# Rotary Rake Questions



## Circle T Acres (Nov 17, 2014)

Thinking about moving away from my wheel rake and getting a rotary rake. I only know of two people that have them so there's not much experience in my area (SW MI) so I have a couple questions.
1) What kind of ground speed can I run?
2) If I put one windrow on top of the other does it still dry good?
3) How hard are they on the alfalfa?
4) Pros/Cons?
Thanks in advance!


----------



## r82230 (Mar 1, 2016)

I think HayJosh has a single rotary in your neck of the woods (K-zoo to be exact).
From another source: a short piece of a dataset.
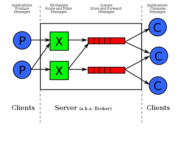 AMQP 里主要要说两个组件:Exchange 和 Queue(在 AMQP 1.0 里还会有变动),如下图所示,绿色的 X 就是 Exchange ,红色的是 Queue ,这两者都在 Server 端,又称作 Broker ,这部分是 RabbitMQ 实现的,而蓝色的则是客户端,通常有 Producer 和 Consumer 两种类型。Rabbit科技有限公司开发了RabbitMQ,并提供对其的支持。起初,Rabbit科技是LSHIFT和CohesiveFT在2007年成立的合资企业,2010年4月被VMware旗下的SpringSource收购。2013年5月RabbitMQ成为GoPivotal的一部分。

I traded my 15-wheel H&S high capacity in for a NH ProRotor 3223 dual last year. I wanted the ability to make either two single windrows (for 1st cutting) or a double windrow (later cuttings), is a big reason for the NH side delivery (Kuhn also makes a double rotary that can do this also, IDR model number I looked at, BTW). I didn't just want a double center delivery for my operation. If I'm making two single windrows, I'm generally looking over one shoulder, one double looking over the other shoulder.

A single rotary, will not match a 15-wheel rake in all capacities. In heavy 1st I can rake more acres per hour with the NH double than the H&S rake. The later cuttings, the H&S had more acres per hour in the right tonnage per acre. Now if you get to lighter tonnage again, the double rotary is the champ.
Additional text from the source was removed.